(TASK GOAL):
What lines in the records below hold the string "Kind"? Please show them.

(DATASET RECORDS):
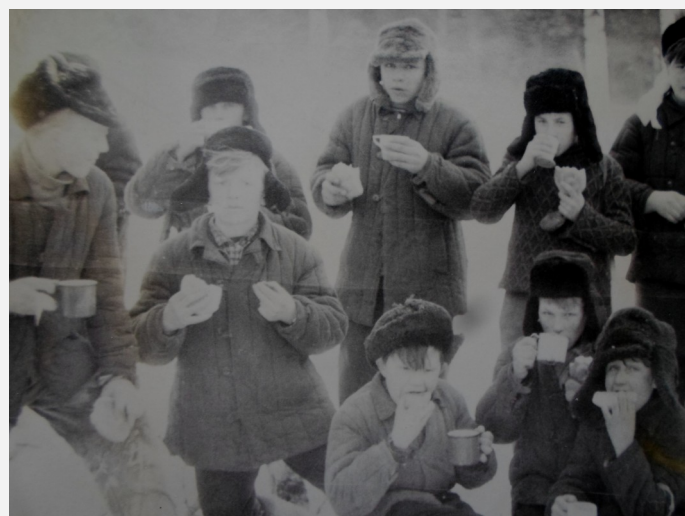
На фото: «На привале, 1968»
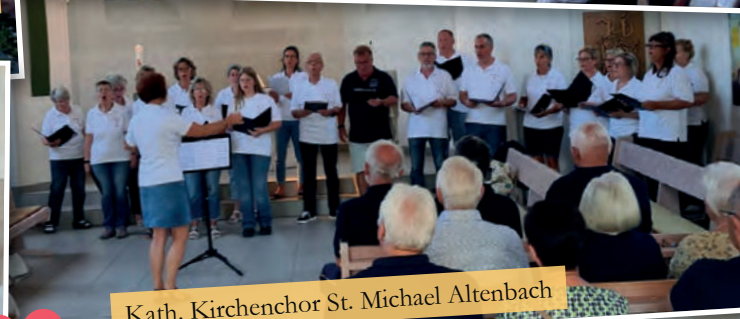
Kath. Kirchenchor St. Michael Altenbach
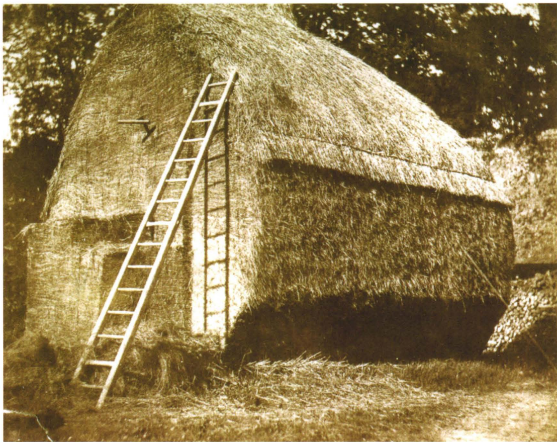
威廉·亨利·福克斯·塔尔博特 ·干草垛，约 1842

（选自《照片秀：定义摄影史的重要展览》 中国民族摄影艺术出版社 2015 年版）
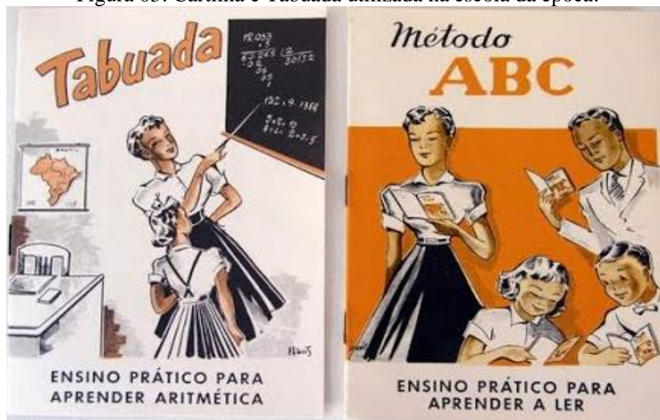
Figura 03: Cartilha e Tabuada utilizada na escola da época.
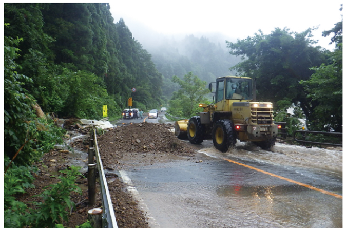
国道47号 H30.8.5 戸沢村高屋地区の被災状況(土砂流出)
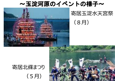
玉淀河原の賑わいを町全体に！！
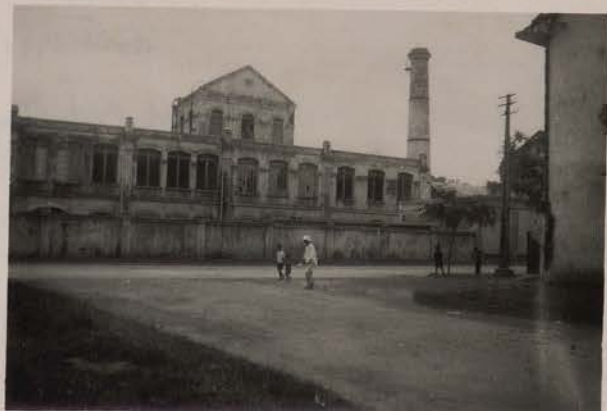
HANOI, août 1951.- La grande distillerie.
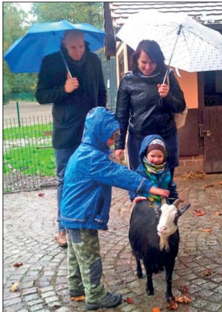
Das Team der Kita „Rasselbande“ Johanniter-Unfall-Hilfe e.V., RV Meißen/Mittelsachsen
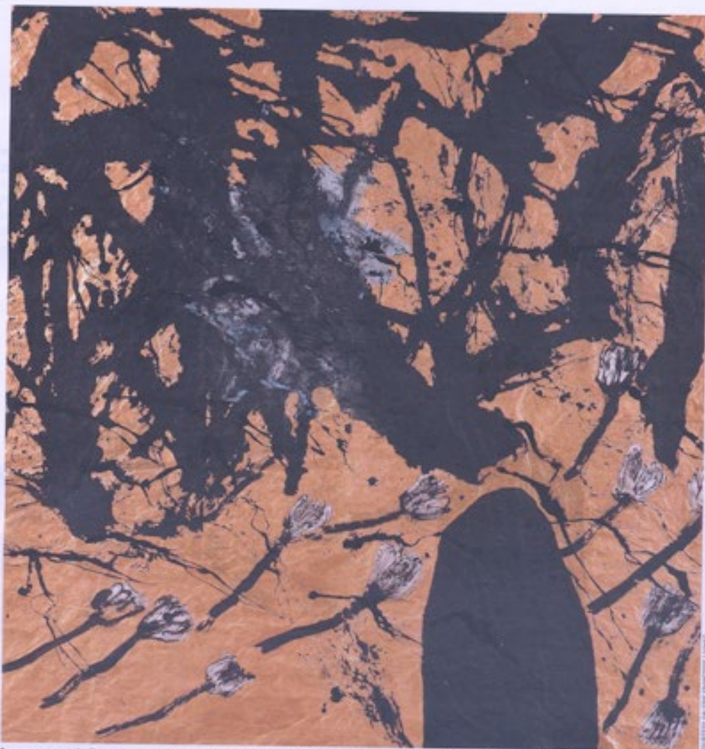
Les paysages de Bretagne ont inspiré au maître calligraphe Wei Ligang cette page intitulée « Ode to Segalen », que dévoile Françoise Livinec.
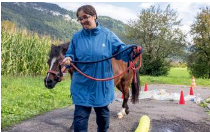
Mit tierischer Begleitung
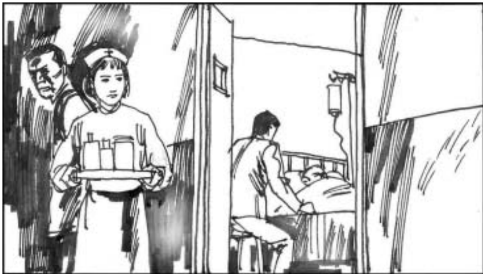
9. 江泽民特别“关心”的解放军总医院很快就被派上了用场。1998 秋，杨尚昆得了感冒，住进了完全被江泽民和曾庆红控制的解放军总医院。
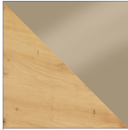
ARTISAN / CAPPUCCINO POŁYSK
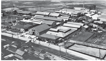
松下電器製作所の建設時
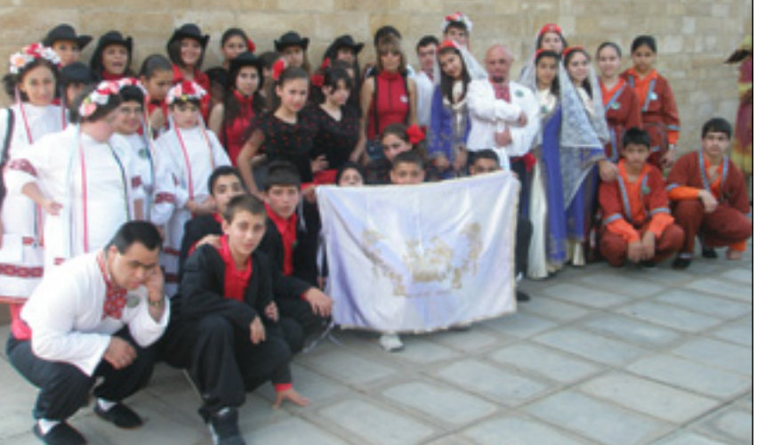
AUB-ի կազմակերպած ժողովրդային պարերու 35-րդ փառատօնը տեղի ունեցաւ Կիրակի, 10 Մայիսի երեկոյան ժամը 6:00-ին "Green Field" մարզադաշտին վրայ:

Այս փառատօնին իրենց մասնակցութիւնը բերին 17 տարբեր վարժարաններու պարախումբեր, որոնք ներկայացուցին 10 երկիրներու պարեր:
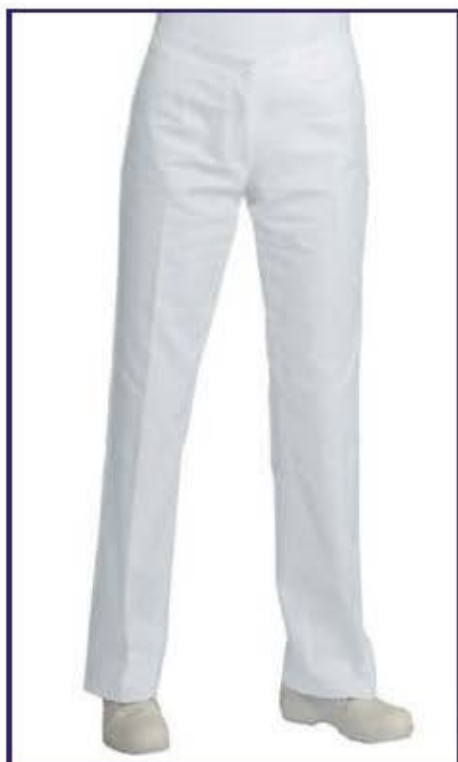
024200 PANTALONE TRENDY 100% cotton 210 gr/m 2 40 • 42 • 44 • 46 • 48 • 50 • 52 • 54 • 56 BIANCO
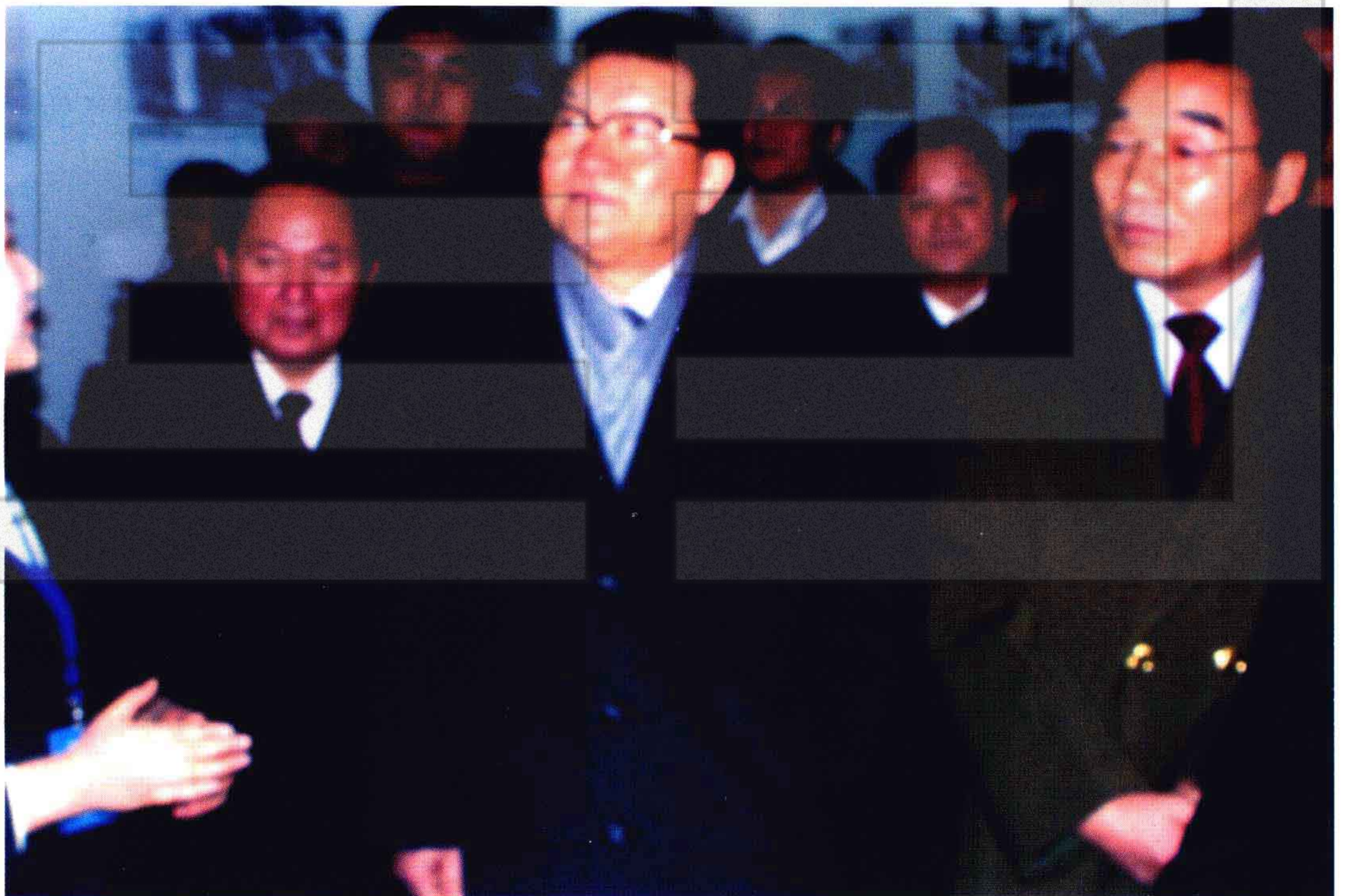
2004年1月8日，中央政治局常委李长春（前中）在自治区、兵团领导陪同下参观石河子军垦博物馆
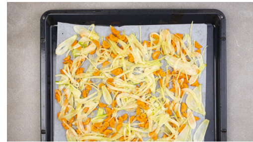
2. Gemüse backen

Die Fisch-Päckchen zu dem Gemüse auf das Backblech geben und die letzten 6-8Min. der Garzeit mitbacken. Das Gemüse nach dem Backen mit 1-2EL Orangensaft beträufeln.
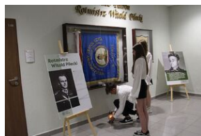
Rtm. Pilecki jest patronem Wielozawodowego Zespołu Szkół w Zatorze
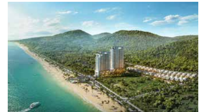
Tổ hợp bất động sản nghỉ dưỡng biển 5 sao Cross Long Hải

Hiện tại, Cross Long Hải áp dụng nhiều chính sách ưu đãi hấp dẫn: chia sẻ doanh thu 35/65, ngân hàng hỗ trợ tài chính đến 70%, 0% lãi suất và ân hạn nợ gốc trong 24 tháng. Đặc biệt, dự án dự kiến bàn giao, đi vào vận hành từ Quý IV/2022 và được bảo chứng chất lượng bởi Đơn vị
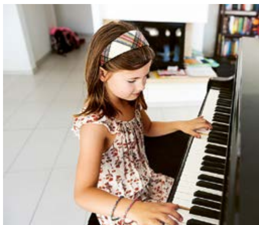
Klavierspielen – vielleicht auch etwas für Ihr Kind?

Am 1. April 2023 führt die Musikschule Maur ihren traditionellen Informationsanlass durch. Wie hört sich eine Violine an, wie bläst man einen schönen Ton auf der Trompete oder dem Saxofon? Wie startet man am Schlagzeug? Haben Ihr Kind oder Sie eine besondere Vorliebe für ein Instrument?
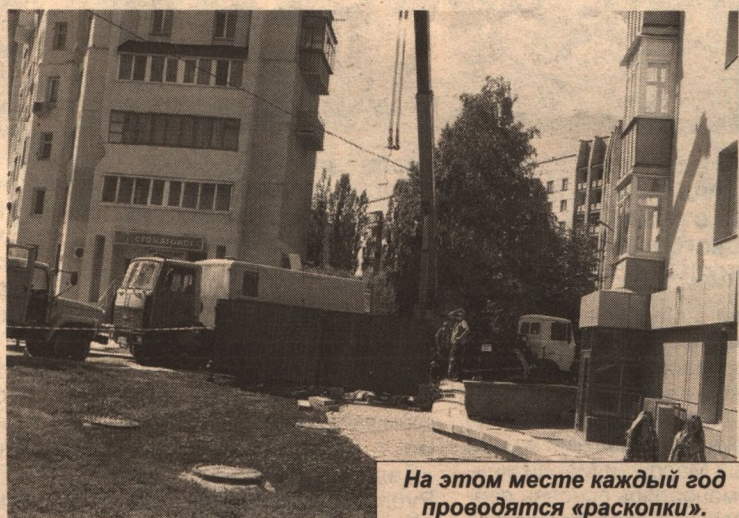
На этом месте каждый год проводятся «раскопки».
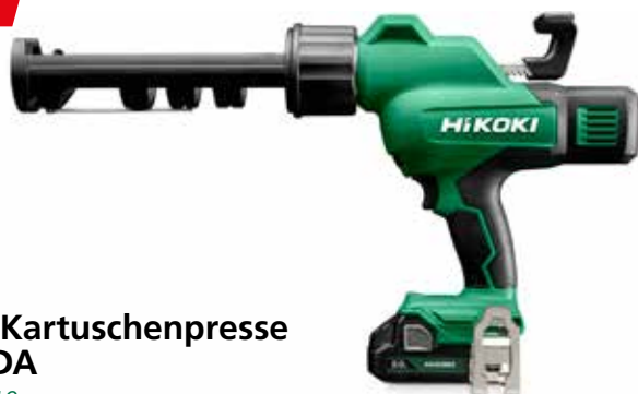
Akku Kartuschenpresse AC18DA
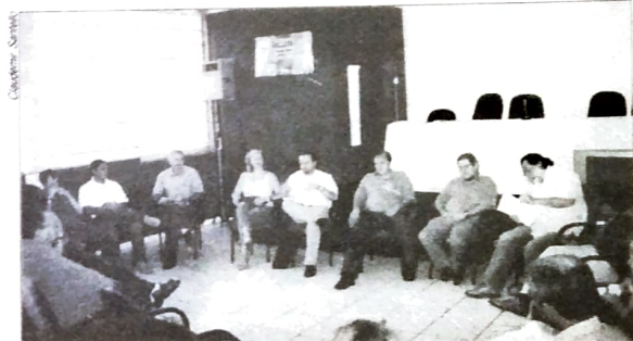
Lideranças sindicais da região em reunião que prepara a fundação da CUT Noroeste, prevista para novembro.
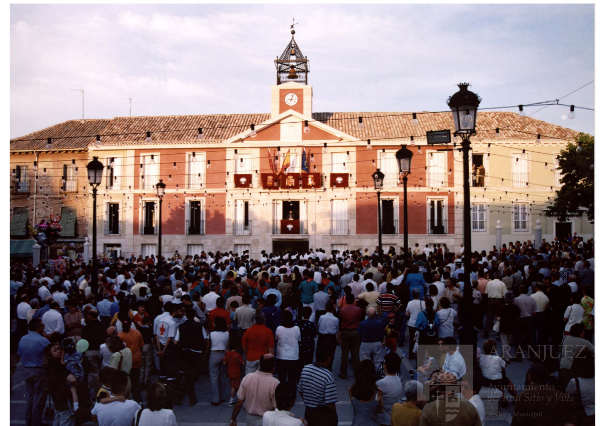
Pregón de las fiestas desde la Casa Consistorial, 1998.
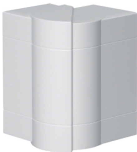
tehalit.BRN65/ BR65 Kąt zewnętrzny 65x130, biały

(YOUR RESPONSE):
Klavierspielen – vielleicht auch etwas für Ihr Kind?
Am 1. April 2023 führt die Musikschule Maur ihren traditionellen Informationsanlass durch. Wie hört sich eine Violine an, wie bläst man einen schönen Ton auf der Trompete oder dem Saxofon? Wie startet man am Schlagzeug? Haben Ihr Kind oder Sie eine besondere Vorliebe für ein Instrument?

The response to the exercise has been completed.